Mieszkaniec Legionowa, mający na swoim koncie 27 lat, został złapany przez lokalnych detektywów, oskarżony o włamanie do pojazdu i kradzież narzędzi, elektronarzędzi oraz karty płatniczej. Mężczyzna już teraz musi stawić czoła zarzutom wynikającym z tego incydentu. Ze względu na to, że popełnione przez niego przestępstwo miało miejsce podczas recydywy, kara może być surowsza. Zgodnie z prawem, za takie czyny grozi kara do 10 lat pozbawienia wolności, ale w przypadku recydywistów, kara ta może zostać zwiększona o połowę.

W połowie marca bieżącego roku, na jednym z osiedli w Legionowie, nastąpiło włamanie do zaparkowanego samochodu. Złodziej zabrał ze sobą elektronarzędzia. Poszkodowany zgłosił ten incydent policji i oszacował swoje straty na ponad 40 000 złotych. Funkcjonariusze natychmiast rozpoczęli śledztwo w tej sprawie.

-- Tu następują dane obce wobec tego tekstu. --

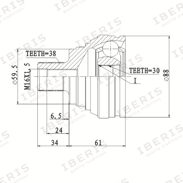 Описание: Автозапчасть фирмы IBERIS с кодом IB6014 ШРУС НАРУЖ (РАЗМЕР 30Х59.5Х38, БЕЗ АБС) AUDI 100, A6
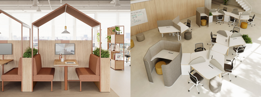 For office spaces requiring something more adventurous, the DM Meeting House (above, left) would be a terrific addition. The Meeting House is a configurable meeting space for collaboration and focus spaces within open environments. The product combines seating, tables, and optional acoustic elements, it helps encourage focused work zones and informal discussions. A range of options also includes TV / screen mount, cable management and decorative planter.

Detektywi z Legionowa podjęli się zadania ustalenia sprawcy tego przestępstwa. Zebrali i sprawdzili wszystkie dostępne informacje. Na podstawie tych ustaleń, udało im się zidentyfikować mężczyznę, który najprawdopodobniej miał bezpośredni związek z tym włamaniem. Okazał się nim być 27-letni mieszkaniec powiatu.

Funkcjonariusze ustalili kilka potencjalnych miejsc, w których poszukiwany przez nich mężczyzna mógł się ukrywać. W ciągu ostatniego tygodnia, podczas przeszukania jednego z tych miejsc na terenie Warszawy, udało się go aresztować. Policjanci odzyskali również skradzione elektronarzędzia, które złodziej sprzedał w jednym z warszawskich komisów.

Po zatrzymaniu, 27-latek został przewieziony do komendy policji w Legionowie. Po dokładnej analizie zgromadzonego materiału dowodowego, śledczy postawili mu zarzut kradzieży z włamaniem w warunkach recydywy. Mężczyźnie grozi kara do 10 lat pozbawienia wolności. Biorąc pod uwagę fakt, że był to już kolejny raz kiedy 27-latek miał do czynienia z prawem za przestępstwa przeciwko mieniu, sąd może orzec wyższy wymiar kary – nawet do 15 lat.

Wszystkie czynności w tym postępowaniu są prowadzone pod ścisłym nadzorem Prokuratury Rejonowej w Legionowie.